And of course, any sort of visible rectal bleeding is really the biggest, most reliable indicator that we need to do a colonoscopy and make sure that you're not having bleeding from a cancer.
>> What about distension, belly getting all protuberant and all that sort of thing?
>> Yeah, that's it's tough.
>> Distension is definitely a symptom, but it's also a symptom of so many things.
People can have gastroparesis, they can have irritable bowel syndrome.
They can, you know, like there's it's abdominal distension and bloating.
You can't rule it out.
But it's it's I feel like that's a much more vague.
It's kind of like nausea.
Right.
Like nausea could be from so many things.
>> You mentioned blood.
And I'm always amazed that people will see blood and will come up with any number of reasons why.
If I'm not mistaken, when you talked about things moving through the intestinal tract, I don't hear I don't remember you saying blood is one of those components of stool being so blood.
If you see blood, what.
>> Should we do?
>> That's I mean, I think that everybody's, you know, knee jerk reaction is, oh, I probably have hemorrhoids.
Yeah.
And and 90% of the time they might be right.
But the 10% of the time that they're incorrect.
Or you can we always you know, when I was going through training, one of my teachers would say, you can have as many diseases as you please, right?
So you can have hemorrhoids, but you may also have a colon cancer.
And I think that if you have any sort of rectal bleeding and you haven't had a colonoscopy, then I would definitely start there.
And then you can write it off as hemorrhoids.
>> All right.
So you find a person who has these symptoms.
You've done the workup.
They have a cancer.
I think I'm sure that you probably here to think I don't want to have a colostomy.
>> Right.
Sure.
>> People still think, okay.
>> We're in the same boat.
>> So what's a colostomy and and what are the options?
So we don't have to have a colostomy.
>> A lot of unfortunately I would say that 85% of the time if you have a colostomy, it's only based off of location where in the colon your cancer was.
The other 15% of that has to deal with what stage it was when it was diagnosed and your overall general condition.
So when we take out a part of the colon, if we want to put it back together and not give a colostomy or a bag or whatever people want to call it, you have to be healthy enough to heal that.

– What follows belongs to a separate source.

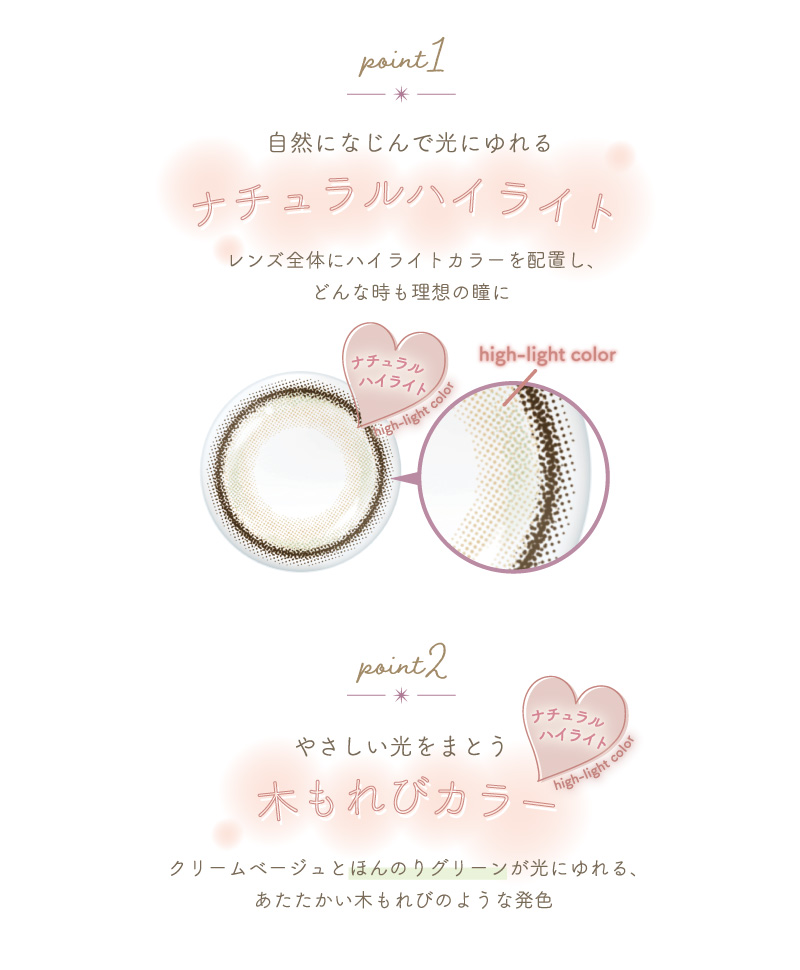 瞳の色に落ち着いたグリーンとオレンジが重なって、人を惹きつける魅力的な目元へ。もともと持つあなたの瞳のキレイな色を、より一層引き立てます。

Otherwise you're going to end up with that area where we connecting it leak, and then you get super sick and possibly have a really bad outcome.
If the further, the closer down to the very end in the rectum.
And that's where we start to worry a little bit more about bags and things like that.
The only thing really to avoid it, as I said, if it's a really late stage tumor where we're getting in there and we're like, okay, this person's obstructed, we need to remove this cancer, but the next thing they need is chemo.
Then you don't want to wait for that area to heal back together.
You don't want to take a risk that it's going to leak and delay chemo.
And in that case, a lot of people will wake up with temporary bags or ostomies so that they can get chemo.
I feel like most of the time, if you're coming in with a colon cancer that was found on a screening colonoscopy, you're not going to end up with a with a with a permanent bag most times.
>> And it's more likely you can treat this person to cure them of their disease.
Correct.
Surgery is still the primary treatment for colon.
>> Colon cancer.
It is rectal cancer is a whole other ballgame.
It is whenever it's kind of deeper down in the pelvis, it's protected by your pelvic bones.
And so a lot of times we can radiate that and or do chemotherapy and see if that totally goes away.
If the cancer goes away, we don't need to operate on it.
That happens about 30% of the time.
So it's not our it's it's something we always consider the whole way through their treatment.
But it's not something you can promise somebody upfront before they start their treatment.
>> Well, you're one of these people who's very facile at doing robotic surgery.
Yes.
That doesn't mean there's some AI surgeon AI doctor Kavalukas there.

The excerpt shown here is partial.